## Dataset extract:
== Segment start ==

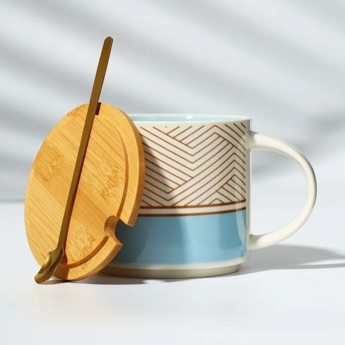 Кружка с крышкой и ложкой "Геометрия", 470 мл 9687164
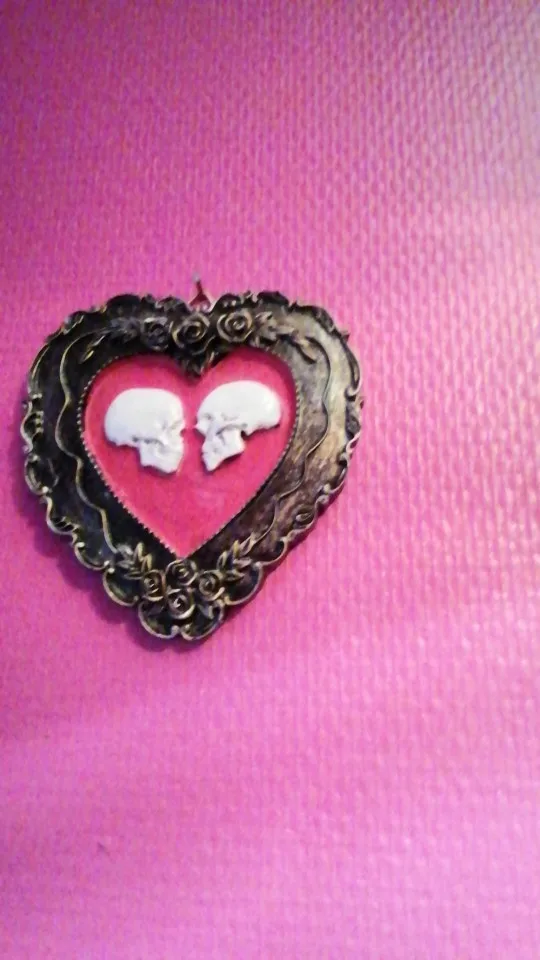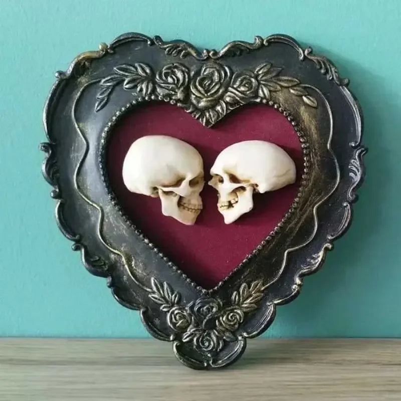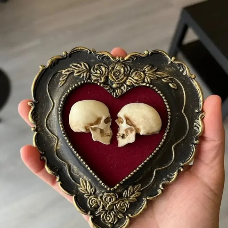 Heart-Shaped True Love Skull Ornament – Framed Miniature Skeleton Decoration for Halloween & Gothic Decor
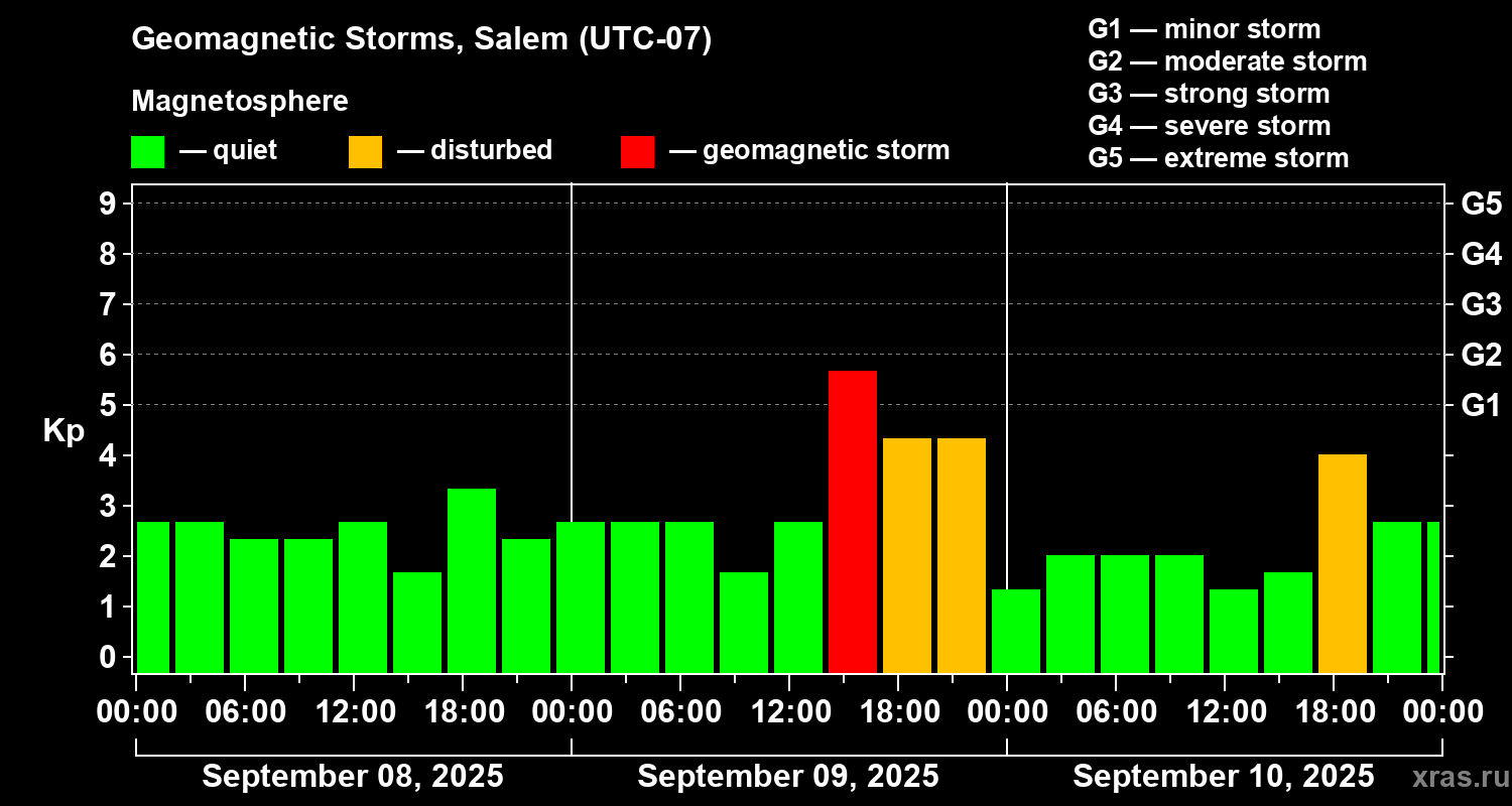 Changes in the geomagnetic index Kp from September 8 to 10, 2025 for mid latitudes

== Segment end ==

## Directions for this task:
Copy out the listing word for word and skip its pictures.

## Answer space:
 Кружка с крышкой и ложкой "Геометрия", 470 мл 9687164
 Heart-Shaped True Love Skull Ornament – Framed Miniature Skeleton Decoration for Halloween & Gothic Decor
 Changes in the geomagnetic index Kp from September 8 to 10, 2025 for mid latitudes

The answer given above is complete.